#### [DIRECTIONS FOR THIS TASK]
Restate word for word the lines below that run from the one holding "[¹Ìµð¾îÀü³² ÀÓ¼º¿Ï ±âÀÚ]" through the one holding "Se Florindo è", inclusive. Pictures don't belong in the copy.

(Source data)
+ + + + +
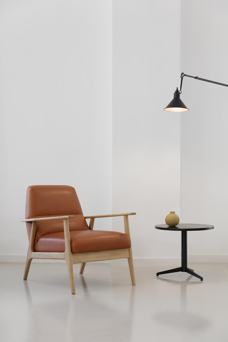 Díky koženému čalounění a dřevěným područkám je vhodné jako kancelářské křeslo. Vybírat můžete z přírodního dřeva nebo černé dřevěné konstrukce.
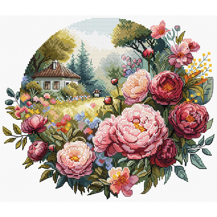 El kit de punto de cruz “El aliento de la mañana” de Andriana (SAND-46) es una delicada escena llena de luz y armonía: un jardín en calma al amanecer, con una casa de campo al fondo y exuberantes flores rosadas en primer plano. Una composición circular elegante que transmite frescura, serenidad y la belleza de los primeros momentos del día.
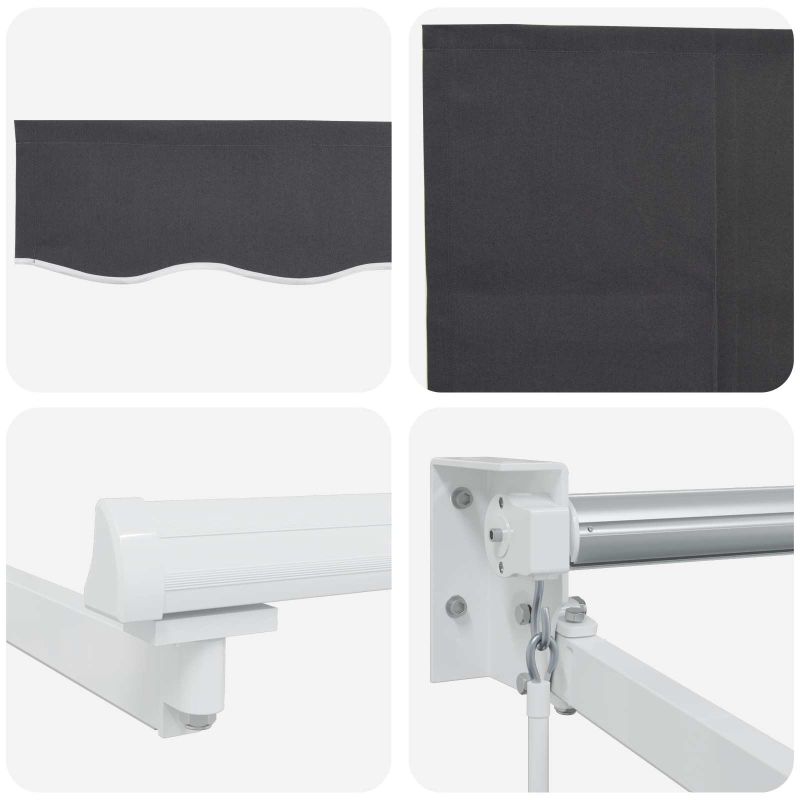 Този ръчен сенник с LED светлини на соларни батерии прави сянка и осветление за тераси, градини и всякакви открити пространства. Може да го нагласите както искате, а соларните LED светлини осветяват всичко вечер, без нужда от контакти. Водоустойчив плат: Изработен е от полиестер с ПУ покритие, за да е устойчив на слънчевата светлина и дъжда. Идеален за често ползване навън! Здрава рамка: Рамката е стоманена и алуминиева, което ѝ дава стабилност, а материалите са устойчиви на корозия. Качеството на конструкцията е на високо ниво! Ръчно управление: Сенникът идва с ръчна дръжка за разтягане и прибирате на сенника, позволявайки ви да регулирате сянката според слънцето. Соларно LED осветление: Има соларни LED лампи, които зареждат през деня за осветление вечер, без нужда от допълнителни захранващи устройства. Инсталационни компоненти: Включен е всичко нужно за поставянето. Следвайте инструкциите и ще го монтирате бързо и сигурно.
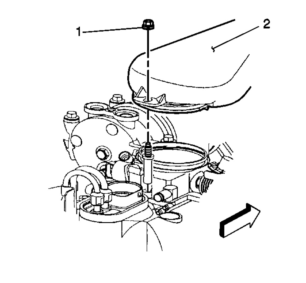1. Remove the air cleaner assembly (2) and nut (1). Refer to Air Cleaner Duct Replacement in engine controls.
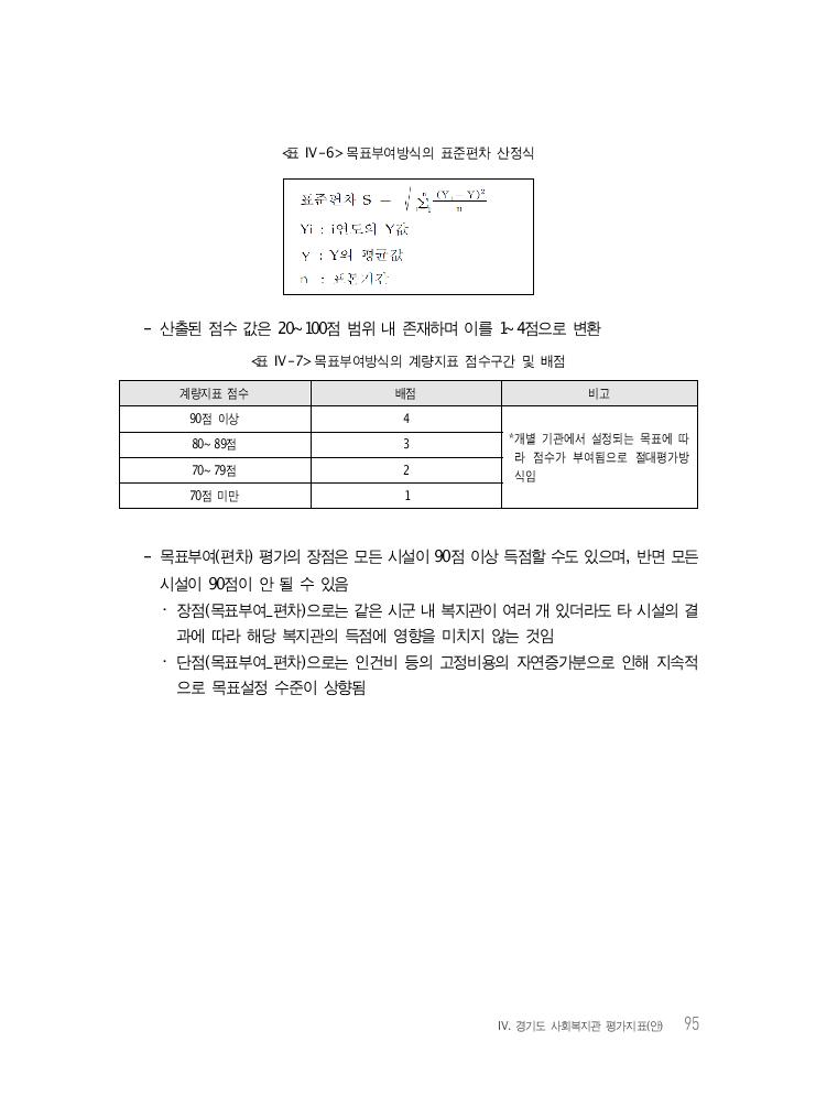 Ⅳ. 경기도 사회복지관 평가지표(안) 95 <표 Ⅳ-6> 목표부여방식의 표준편차 산정식 - 산출된 점수 값은 20~100점 범위 내 존재하며 이를 1~4점으로 변환 <표 Ⅳ-7> 목표부여방식의 계량지표 점수구간 및 배점 계량지표 점수 배점 비고 90점 이상 4 *개별 기관에서 설정되는 목표에 따 라 점수가 부여됨으로 절대평가방 식임 80~89점 3 70~79점 2 70점 미만 1 - 목표부여(편차) 평가의 장점은 모든 시설이 90점 이상 득점할 수도 있으며, 반면 모든 시설이 90점이 안 될 수 있음 ・ 장점(목표부여_편차)으로는 같은 시군 내 복지관이 여러 개 있더라도 타 시설의 결 과에 따라 해당 복지관의 득점에 영향을 미치지 않는 것임 ・ 단점(목표부여_편차)으로는 인건비 등의 고정비용의 자연증가분으로 인해 지속적 으로 목표설정 수준이 상향됨
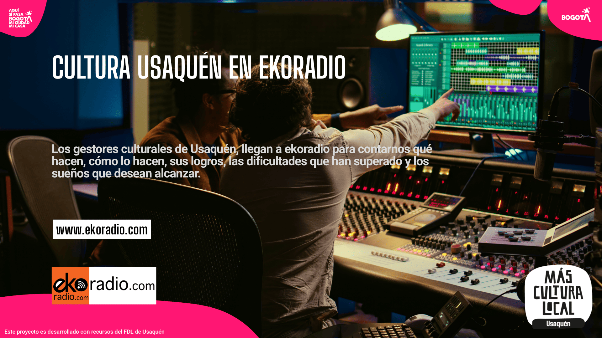A través de la serie de programas «Cultura Usaquén en ekoradio» te invitamos a conocer gestores de culturales de la localidad de Usaquén, conoce su trabajo, Qué hacen? Cómo lo hacen? Dónde lo hacen? Con quíen lo hacen? Quién los apoya? Qué logros han alcanzado? y lo más importante te gustaría partipar? a continuación dejamos la serie completa de programas.
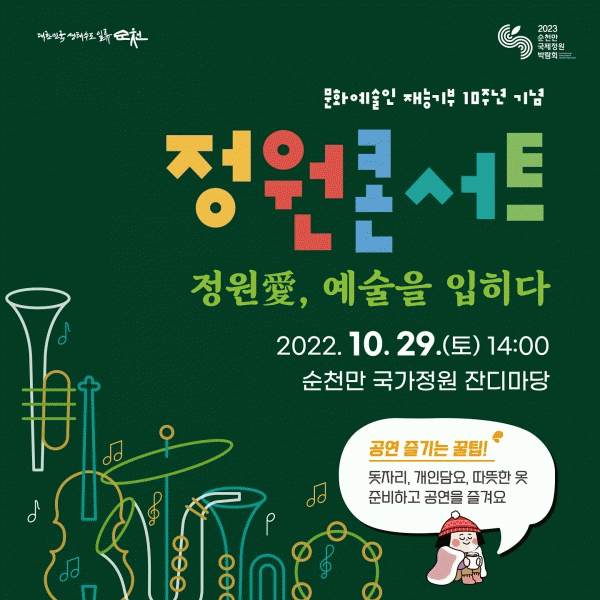 [¹Ìµð¾îÀü³² ÀÓ¼º¿Ï ±âÀÚ] ¼øÃµ½Ã´Â ¿À´Â 29ÀÏ ¿ÀÈÄ 2½Ã ¼øÃµ¸¸±¹°¡Á¤¿ø µ¿¹® Àܵ𸶴翡¼ ¡®Á¤¿øäñ, ¿¹¼úÀ» ÀÔÈ÷´Ù¡¯¶ó´Â ÁÖÁ¦·Î Á¤¿øÄܼƮ¸¦ ¿¬´Ù°í ¹àÇû´Ù. À̹ø Á¤¿øÄܼƮ´Â ±×µ¿¾È ¼øÃµ¸¸±¹°¡Á¤¿øÀ» ã´Â ¹æ¹®°´µéÀ» À§ÇØ Áö¿ª¡¦
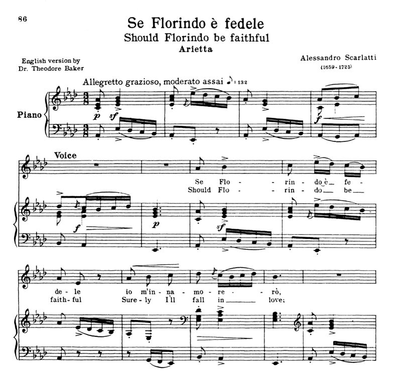 Se Florindo è fedele, Medium Voice in A-Flat Major, A.Scarlatti. Schirmer (A4) Pdf |
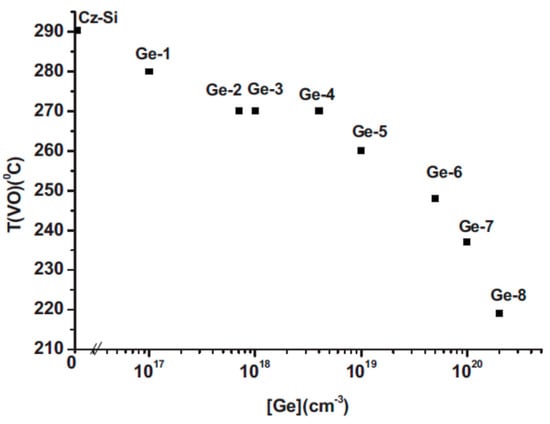 Figure 4 shows the conversion ratio (aVO2/aVO) of the VO to the VO2 defect as a function of the isovalent dopant covalent radius (information about the samples from Table 2). As seen in Figure 4, the larger the isovalent dopant radius, the smaller the conversion ratio. In other words, the formation of VO2 defects is more suppressed as the covalent radius of the isovalent dopant increases. This behavior could be explained [] as follows. The two main reactions that govern the annealing of the VO defect are: VO +Oi ➔ VO2 and VO + SiI ➔ Oi. Sources of the self-interstitials are large defect clusters [] formed in the irradiated material. As a result of the local strains induced in the Si lattice due to the substitutional incorporation of the larger radius isovalent dopants, the latter reaction is affected. It has been argued [] that the binding energy of the self-interstitials decreases as a result of the presence of the larger isovalent dopants. This makes the liberation of the self-interstitial from the defect clusters easier, facilitating their enhanced emission as the temperature increases in the course of annealing. It means that a larger number of VO pairs is dissociated due to the latter reaction, or an equivalently less VO participating in the former reaction. In other words, the formation of VO2 defects is suppressed. Thus, the larger isovalent radius, the smaller the VO2 formation. This is represented in Figure 4. Next, we shall study the production and evolution of the VO defect as a function of the Ge dopant concentration in Si.
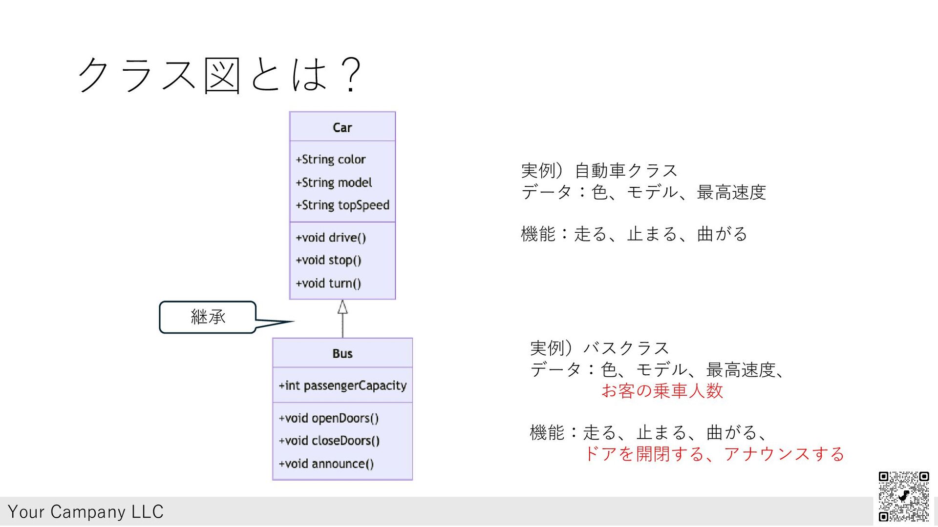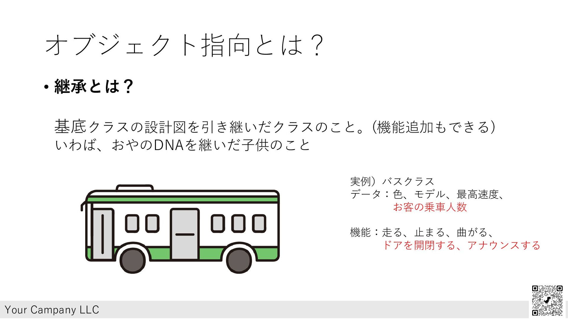 オブジェクト指向とは? • 継承とは? 基底クラスの設計図を引き継いだクラスのこと。(機能追加もできる) いわば、おやのDNAを継いだ子供のこと Your Campany LLC 実例)バスクラス データ:色、モデル、最高速度、
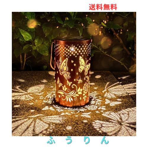 【光と影を楽しむソーラーランタン】外観はアンティーク調で置くだけでおしゃれになります。透かし彫り設計で、暗くなると蝶と花の柄から光がこぼれ、幻想的な光と影を演出してくれます。夜の庭をより美しい雰囲気にライトアップできます。
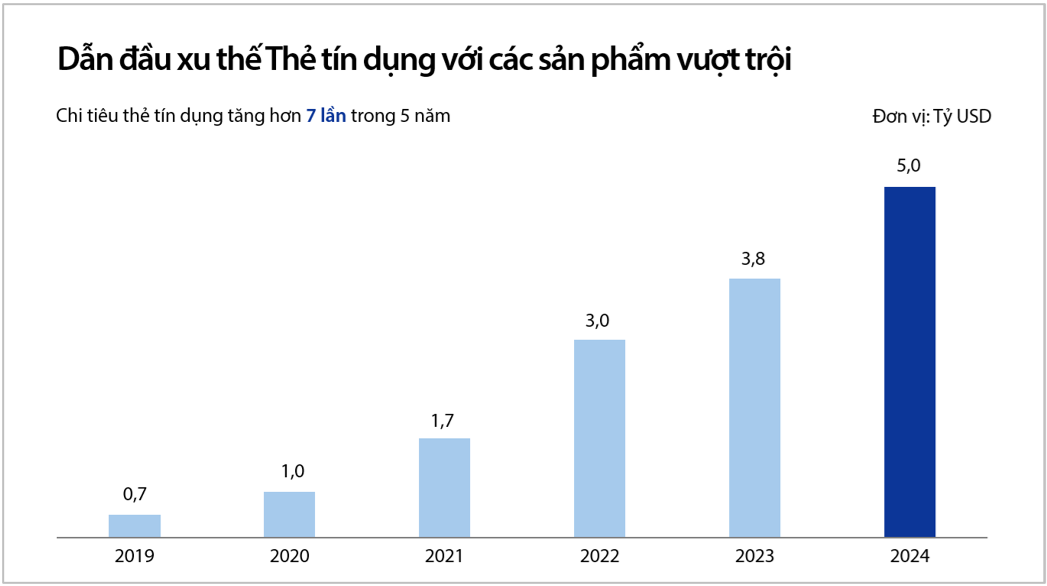 | Tăng trưởng chi tiêu thẻ từ 2019-2024. Nguồn: Tài liệu ĐHĐCĐ thường niên 2025 |
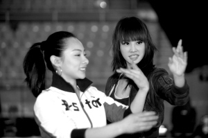 兩年前蔡依林在北京舉行專輯《舞娘》的記者會(huì),劉璇曾經(jīng)以嘉賓的身份現(xiàn)身助陣。如今兩人再次相見,劉璇驚嘆:“你怎么又瘦了呀?”采訪現(xiàn)場(chǎng),蔡依林即興秀了一段為歌曲《舞娘》編排的彩帶舞。劉璇看到蔡依林腳下大約10厘米的高跟鞋,走上前提醒說:“你就不要跳起來了,只要做手部動(dòng)作就可以。”劉璇退役前的項(xiàng)目是競技體操,蔡依林的彩帶舞屬于藝術(shù)體操,兩者從技術(shù)等方面來說還是有區(qū)別的。“但是我可以在動(dòng)作、腳步和姿勢(shì)上指導(dǎo)一下,比如一些細(xì)節(jié)。因?yàn)槲矣X得在整套動(dòng)作中,細(xì)節(jié)是很重要的!痹趧㈣v解時(shí),蔡依林一邊聽一邊點(diǎn)頭,非常認(rèn)真。她透露,除了彩帶舞還將在北京演唱會(huì)上表演“高空無重力雙環(huán)瑜伽”等體操動(dòng)作。
+ + + + +
#### [EXERCISE RESPONSE]
 [¹Ìµð¾îÀü³² ÀÓ¼º¿Ï ±âÀÚ] ¼øÃµ½Ã´Â ¿À´Â 29ÀÏ ¿ÀÈÄ 2½Ã ¼øÃµ¸¸±¹°¡Á¤¿ø µ¿¹® Àܵ𸶴翡¼ ¡®Á¤¿øäñ, ¿¹¼úÀ» ÀÔÈ÷´Ù¡¯¶ó´Â ÁÖÁ¦·Î Á¤¿øÄܼƮ¸¦ ¿¬´Ù°í ¹àÇû´Ù. À̹ø Á¤¿øÄܼƮ´Â ±×µ¿¾È ¼øÃµ¸¸±¹°¡Á¤¿øÀ» ã´Â ¹æ¹®°´µéÀ» À§ÇØ Áö¿ª¡¦
 Se Florindo è fedele, Medium Voice in A-Flat Major, A.Scarlatti. Schirmer (A4) Pdf |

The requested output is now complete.